Plaintiff company began its action on March 24, 1932, by filing a petition in a justice of the peace court in the city of St. Louis, where it alleged an indebtedness due it from the defendant in the sum of $427.72, “for premiums on workmen’s compensation insurance for policies of said insurance issued by plaintiff to defendant. ’ ’

Defendant by way of answer filed a general denial and a counterclaim, which, in light of the questions raised here on appeal, we need not set out.

From a judgment rendered July 25, 1933, in favor of plaintiff and against defendant on plaintiff’s petition, and against defendant on its counterclaim, defendant in due course appealed to the circuit court, defendant filing and having approved the necessary statutory appeal bond.

It is conceded that shortly before September, 1936, the surety on the appeal bond lost all of his property by foreclosure and became insolvent.

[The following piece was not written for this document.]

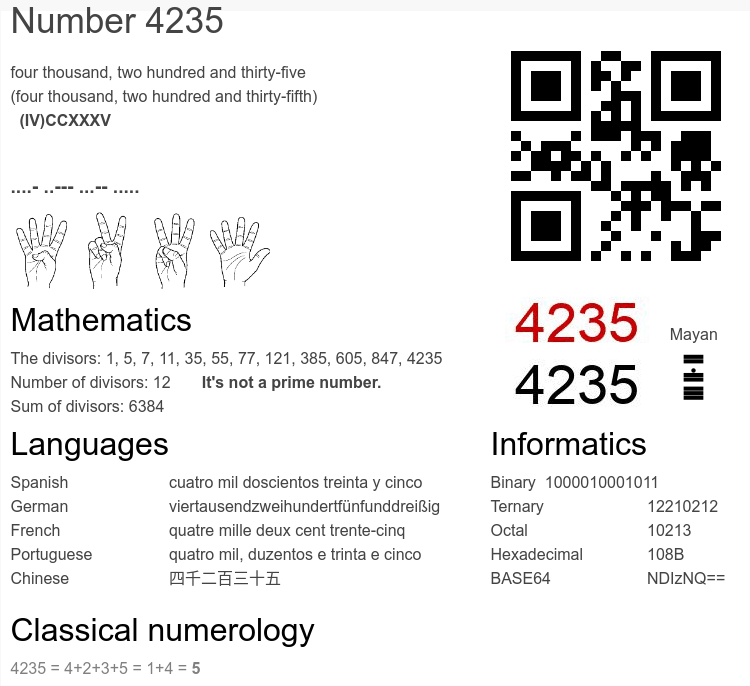 If you know something interesting about the 4235 number that you did not find on this page, do not hesitate to write us here.

On September 22, 1936, counsel for plaintiff filed a motion to dismiss the appeal from the justice court on the ground that the surety on the bond “had not sufficient property to be qualified as a signer on a bond in the amount stated or in any amount. ’ ’

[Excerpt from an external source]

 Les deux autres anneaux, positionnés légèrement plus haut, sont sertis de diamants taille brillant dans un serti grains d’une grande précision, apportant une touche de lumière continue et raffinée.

The motion to dismiss was sustained and defendant’s appeal from the justice court dismissed. Defendant in due course appeals and presents here two questions for our determination: First, whether or not the circuit court, in a case pending on appeal from a justice court, wherein an original appeal bond has been given in proper form and executed by a solvent surety and approved by the justice of the peace, has jurisdiction to require the giving of a new or additional bond upon the surety on the bond thereafter becoming insolvent; second, whether or not the petition or statement filed in the justice court stated facts sufficiently definite and specific to apprise the defendant of the nature of the claim against him, and to operate as a bar to another action on the same demand.

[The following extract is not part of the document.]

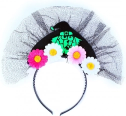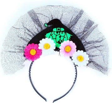 Tato jedinečná čelenka kombinuje kouzelný design s barevnými kvítky, které dodají vašemu vzhledu šarm. Je perfektní pro dospělé, kteří chtějí upoutat pozornost na Halloween nebo během karnevalových oslav.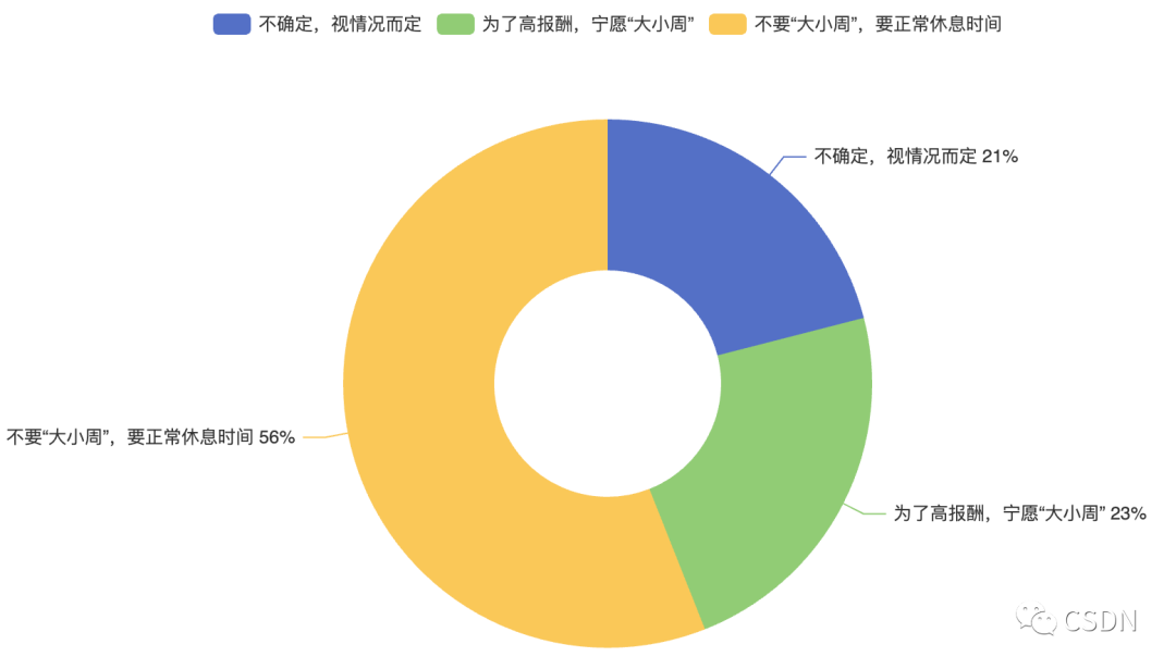 对于大部分程序员来说,舒适的工时总是很难匹配到理想的高薪,因此对于“大小周”的态度,他们也分成了两个阵营:23% 的开发者表示,虽然大小周会占用周末休息时间,但为了高薪宁愿“大小周”;56% 的开发者则选择更轻松的生活方式,不要“大小周”。

In support of the contention that the circuit court had no jurisdiction to require defendant to furnish an additional bond, since it is admitted that the bond as originally given was a valid and proper one, the defendant here argues that the appellate jurisdiction of the circuit court in cases originating in justice courts is purely derivative and statutory, and since there is no specific statute authorizing the circuit court to require a new bond, where the one originally given was valid, the circuit court has no inherent power to do so.

Section 22 of Article 6, of the Constitution of Missouri, relating, among other things, to the jurisdiction of the circuit court, provides *795 that the circuit court shall have concurrent jurisdiction with, and appellate jurisdiction from inferior tribunals and justices of the peace as is or may be provided by law.

Article 7, chapter 10, Revised Statutes of Missouri, 1929, provides for appeals to the circuit court from judgments rendered by a justice of the peace, and the proceedings thereon. Among the prerequisites required for taking an appeal from the justice court to the circuit court is that the parties seeking the appeal shall file an affidavit and an appeal bond; and section 2353, Revised Statutes of Missouri, 1929 (Mo. Stat. Ann., see. 2353, p. 2455), provides that “no appeal allowed by a justice shall be dismissed for want of an affidavit or recognizance, or because the affidavit or recognizance made or given is defective or insufficient, if the appellant or some person for him will, before the motion to dismiss is determined, file in the appellate court the affidavit required, or enter into such recognizance as he' ought to have entered into before the allowanc of the appeal, and pay all costs that shall be incurred by reason of such defect or omission, with respect to such affidavit or recognizance.”

But even though it be conceded that section 2353 does not authorize the circuit court to require a defendant who had appealed from a judgment in the justice court against him to the circuit court, and has given and had approved the necessary appeal bond, to give a new bond in the event the surety on the bond becomes insolvent pending the trial of the case on appeal in the circuit court, we think such authority rests in the inherent power of the court.

The article which provides for appeals from justice courts to the circuit court makes provision for a statutory bond as a security for the respondent, the filing of such a bond acting as a supersedeas, and staying execution on the judgment appealed from. Necessarily the object of the bond is to give continued security throughout the pendency of the appeal and until final judgment in the ease. Should then the right to a supersedeas still obtain after the bond has become insufficient by reason of the insolvency of the surety thereon? In other words, is it intended that because a bond measured up to the requrements of the statute at the time of the giving thereof, and at that time warranted a supersedeas and stay of execution, that the respondent is without any recourse whatsoever if thereafter the bond becomes worthless because of the insolvency of the surety? The effect and consequence of such a ruling would result in a denial of justice in many cases. The fact that such consequence would follow the interpretation contended for by appellant is a strong argument against its adoption.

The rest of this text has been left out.